[英]Get a character from the user and find the no of occurrences of the character in a string given by the user in Java
Count the no of occurrences of the given character.计算给定字符的出现次数。 Write a program to accept a word from the user.编写一个程序来接受用户的一句话。 Get a character from the user and find the no of occurrences.从用户那里获取一个字符并找到出现次数。
Check whether the given character and word is valid检查给定的字符和单词是否有效
The word is valid if it contains only alphabets and no space or any special characters or numbers.如果单词仅包含字母且不包含空格或任何特殊字符或数字,则该单词是有效的。
The character is valid if it is an alphabet alone.如果字符是单独的字母,则该字符是有效的。

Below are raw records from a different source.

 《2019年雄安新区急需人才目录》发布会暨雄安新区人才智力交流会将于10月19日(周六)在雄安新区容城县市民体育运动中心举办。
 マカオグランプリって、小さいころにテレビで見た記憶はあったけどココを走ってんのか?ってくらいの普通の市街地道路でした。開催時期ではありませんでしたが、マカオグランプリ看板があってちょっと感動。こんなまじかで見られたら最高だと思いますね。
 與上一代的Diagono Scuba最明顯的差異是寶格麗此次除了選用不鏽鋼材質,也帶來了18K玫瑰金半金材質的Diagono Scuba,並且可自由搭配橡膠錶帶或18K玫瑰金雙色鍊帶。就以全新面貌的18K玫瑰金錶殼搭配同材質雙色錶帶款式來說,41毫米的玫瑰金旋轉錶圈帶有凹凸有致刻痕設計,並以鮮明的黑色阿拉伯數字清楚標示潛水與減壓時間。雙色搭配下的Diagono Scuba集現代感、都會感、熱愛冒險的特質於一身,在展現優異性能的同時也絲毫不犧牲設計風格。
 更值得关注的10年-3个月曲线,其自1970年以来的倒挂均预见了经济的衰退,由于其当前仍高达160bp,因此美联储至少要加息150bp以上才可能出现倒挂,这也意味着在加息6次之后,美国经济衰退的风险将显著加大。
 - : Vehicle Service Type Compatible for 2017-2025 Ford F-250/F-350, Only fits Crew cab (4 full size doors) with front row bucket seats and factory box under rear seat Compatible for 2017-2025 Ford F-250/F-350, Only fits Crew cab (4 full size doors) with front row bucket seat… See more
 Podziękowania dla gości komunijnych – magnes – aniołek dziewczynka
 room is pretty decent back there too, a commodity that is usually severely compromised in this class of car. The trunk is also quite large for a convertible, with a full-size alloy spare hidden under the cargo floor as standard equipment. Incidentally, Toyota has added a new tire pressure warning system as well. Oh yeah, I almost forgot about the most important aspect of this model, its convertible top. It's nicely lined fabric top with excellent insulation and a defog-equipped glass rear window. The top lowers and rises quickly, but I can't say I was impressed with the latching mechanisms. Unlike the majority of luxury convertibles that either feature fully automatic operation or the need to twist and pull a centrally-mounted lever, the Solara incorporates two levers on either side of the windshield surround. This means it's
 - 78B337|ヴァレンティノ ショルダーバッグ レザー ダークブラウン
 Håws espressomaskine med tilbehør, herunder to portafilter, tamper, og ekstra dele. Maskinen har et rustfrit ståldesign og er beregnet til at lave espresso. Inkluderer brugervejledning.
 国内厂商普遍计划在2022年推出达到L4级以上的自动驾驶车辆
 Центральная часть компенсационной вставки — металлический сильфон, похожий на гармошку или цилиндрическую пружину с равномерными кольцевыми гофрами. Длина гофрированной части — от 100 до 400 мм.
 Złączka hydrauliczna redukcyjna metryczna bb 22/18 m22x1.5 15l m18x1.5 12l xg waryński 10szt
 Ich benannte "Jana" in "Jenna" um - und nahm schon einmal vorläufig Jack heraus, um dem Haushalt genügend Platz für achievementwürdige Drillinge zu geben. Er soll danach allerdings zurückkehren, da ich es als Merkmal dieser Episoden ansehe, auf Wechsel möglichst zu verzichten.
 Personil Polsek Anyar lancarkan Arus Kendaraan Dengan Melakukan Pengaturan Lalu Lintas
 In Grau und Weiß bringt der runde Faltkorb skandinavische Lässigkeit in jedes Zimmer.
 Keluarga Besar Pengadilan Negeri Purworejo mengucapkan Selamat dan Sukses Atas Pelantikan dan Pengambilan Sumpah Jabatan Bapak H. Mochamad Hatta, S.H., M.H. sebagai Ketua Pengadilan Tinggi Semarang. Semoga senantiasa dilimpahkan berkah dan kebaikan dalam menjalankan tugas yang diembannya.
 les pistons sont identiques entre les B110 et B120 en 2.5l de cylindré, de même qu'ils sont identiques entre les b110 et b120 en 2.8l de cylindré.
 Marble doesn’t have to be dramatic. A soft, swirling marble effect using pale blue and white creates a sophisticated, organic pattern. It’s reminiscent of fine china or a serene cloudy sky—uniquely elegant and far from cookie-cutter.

Sample Input 1: Enter a word: programming Enter a character: m示例输入 1:输入一个单词:编程输入一个字符:m
Sample Output 1:样品 Output 1:
No of 'm' present in the given word is 2
Sample Input 2: Enter a word: programming Enter the character: s示例输入 2:输入一个单词:programming 输入字符:s
Sample Output 2:样品 Output 2:
The given character 's' not present in the given word.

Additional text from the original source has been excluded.